How to change current directory in GNU Make

ruvim picture ruvim · May 26, 2016 · Viewed 15.5k times · Source

I want to separate the directory with sources from the directory with targets. And it seems that changing the current working directory from Makefile should be the simplest solution.

Explicit path to targets is not sufficient because of the following drawbacks:

  1. Redundant code in Makefile since every reference to target should be prefixed with variable.
  2. More complex command line to build particular intermediate target (worse for debugging).

See also Pauls's rule #3:

Life is simplest if the targets are built in the current working directory.

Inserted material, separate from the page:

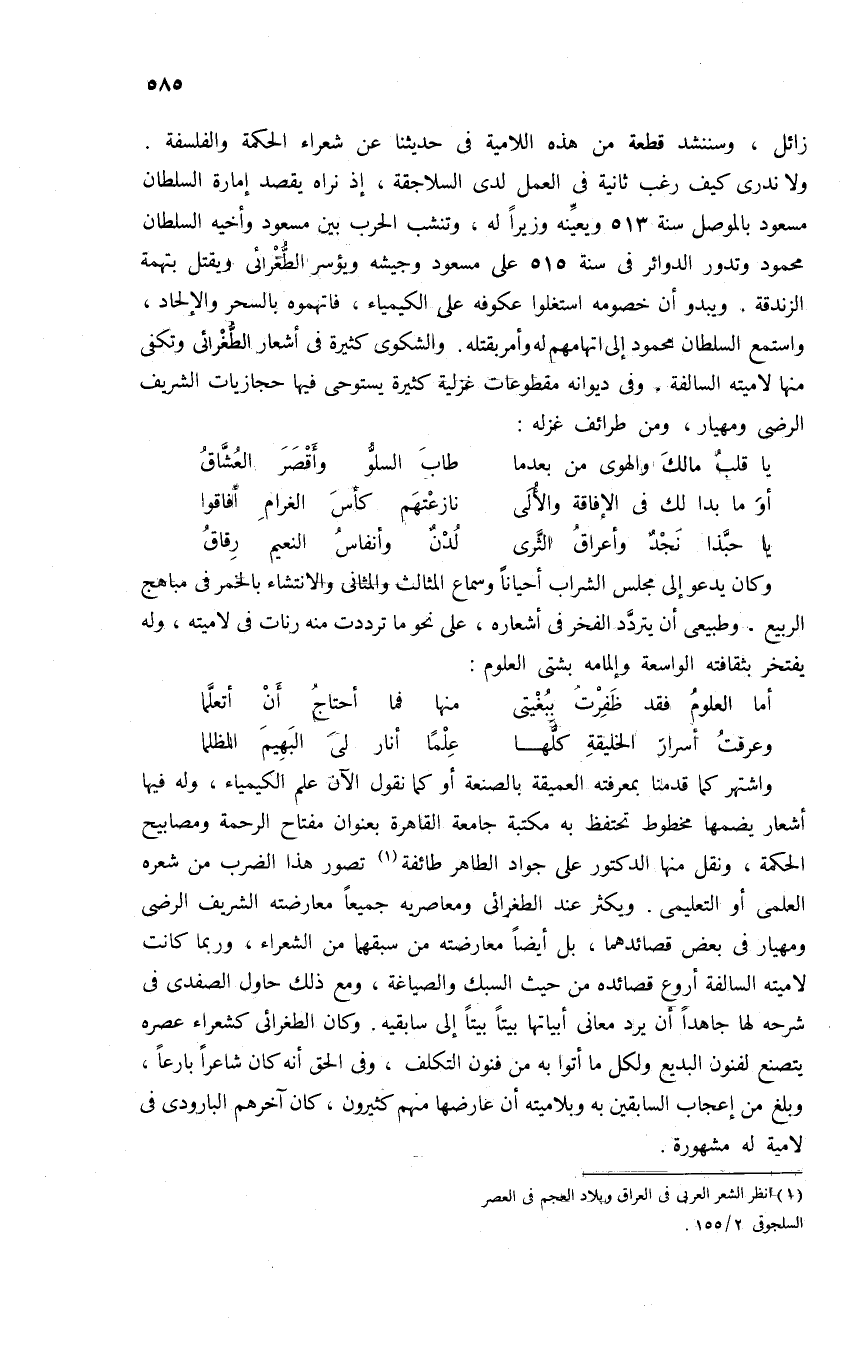 واشتهر كما قدمنا بمعرفته العميقة بالصنعة أو كما نقول الآن علم الكيمياء، وله فيها أشعار يضمها مخطوط تحتفظ به مكتبة جامعة القاهرة بعنوان مفتاح الرحمة ومصابيح الحكمة، ونقل منها الدكتور على جواد الطاهر طائفة (¬1) تصور هذا الضرب من شعره العلمى أو التعليمى. ويكثر عند الطغرائى ومعاصريه جميعا معارضته الشريف الرضى ومهيار فى بعض قصائدهما، بل أيضا معارضته من سبقهما من الشعراء، وربما كانت لاميته السالفة أروع قصائده من حيث السبك والصياغة، ومع ذلك حاول الصفدى فى شرحه لها جاهدا أن يرد معانى أبياتها بيتا بيتا إلى سابقيه. وكان الطغرائى كشعراء عصره يتصنع لفنون البديع ولكل ما أتوا به من فنون التكلف، وفى الحق أنه كان شاعرا بارعا، وبلغ من إعجاب السابقين به وبلاميته أن عارضها منهم كثيرون، كان آخرهم البارودى فى لامية له مشهورة.

Regarding VPATH — I also agree that requiring developers "to change to the target directory before running make is a pain".

Answer

Mike Kinghan picture Mike Kinghan · May 26, 2016

Building targets in a separate directory is a commonplace make practice that GNU make conveniently supports without changing directory or invoking auxiliary tools. Here is a routine illustration:

Makefile

srcs := main.c foo.c
blddir := bld
objs := $(addprefix $(blddir)/,$(srcs:.c=.o))
exe := $(blddir)/prog

.PHONY: all clean

all: $(exe)

$(blddir):
    mkdir -p $@

$(blddir)/%.o: %.c | $(blddir)
    $(CC) $(CFLAGS) $(CPPFLAGS) -c -o $@ $<

$(exe) : $(objs)
    $(CC) -o $@ $^ $(LDFLAGS) $(LDLIBS)

clean:
    rm -fr $(blddir)

which runs like:

$ make
mkdir -p bld
cc   -c -o bld/main.o main.c
cc   -c -o bld/foo.o foo.c
cc -o bld/prog bld/main.o bld/foo.o

Cribs:-

There can be powerful reasons to make make change its working directory but merely putting build products in a separate directory isn't one.